# Cocoa percentage question



## corazon (Jan 18, 2007)

I recently recieved "The Essence of Chocolate," by John Scharffenberger & Robert Steinberg. What an amazing book! I'm looking forward to making incredible chocolatey treats. I thought I'd start out with their simple chocolate cake. So...here's my question:

The frosting recipe calls for 5oz 99% unsweetened choc and 1 1/4 cup sugar. All they had at my grocery store was 70% bittersweet. How much sugar should I put in? And how else might my frosting be differed by this change in percentage?

Maybe there's a guy out there named Robert that can help shine some light?

Thanks very much!


----------



## jkath (Jan 18, 2007)

Try going somewhere other than a grocery store for your chocolate. I've not seen 99% (yet!) but you can get some larger percentages at Williams Sonoma and also at Cost Plus World Market.

I bet you'd have to keep the ration of the sugar the same, to keep the consistency of the recipe (JMHO)

Is Michael around? He always knows that kind of stuff too.


----------



## aguynamedrobert (Jan 18, 2007)

That book says 99% because Scharffen Berger makes a 99% chocolate. The equal to that is 100% unsweetened chocolate or chocolate liquor...Almost every store will carry that...Ghirardelli puts one out and so does Bakers chocolate.
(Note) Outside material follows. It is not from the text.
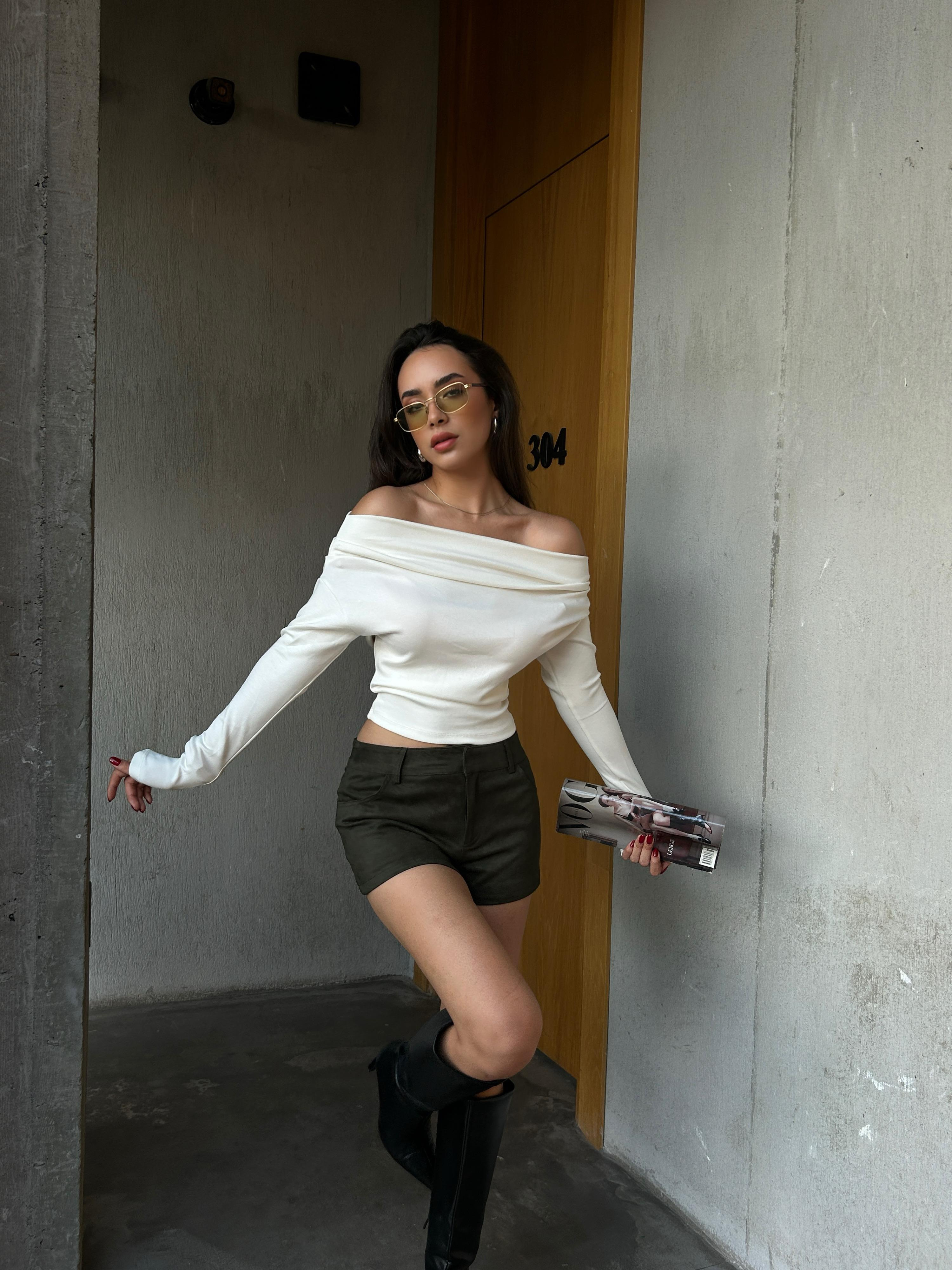 Kadın Ekru Uzun Kollu Düşük Omuz Bluz 30079

Those are two most popular in grocery stores.

You can substitute other chocolates for that(like you were talking about). If you substitute the 70% cacao content chocolate for the 99% then I would just say to bring down the sugar 1/4 cup....I would say to try that first and see how it comes out...it will be close if nothing else...but I think it will work fine...it is going to come down to the sweetness level. I do not think that the frosting will be affected negatively in texture or form because of it...

What is the process to make the frosting? 

Have a good one,
Robert
Chocolate Guild :: learn about chocolate, talk about chocolate


----------



## jkath (Jan 18, 2007)

whoops! I read it as the percentage of cacao, not the percentage of sweetness - sorry corazon!


----------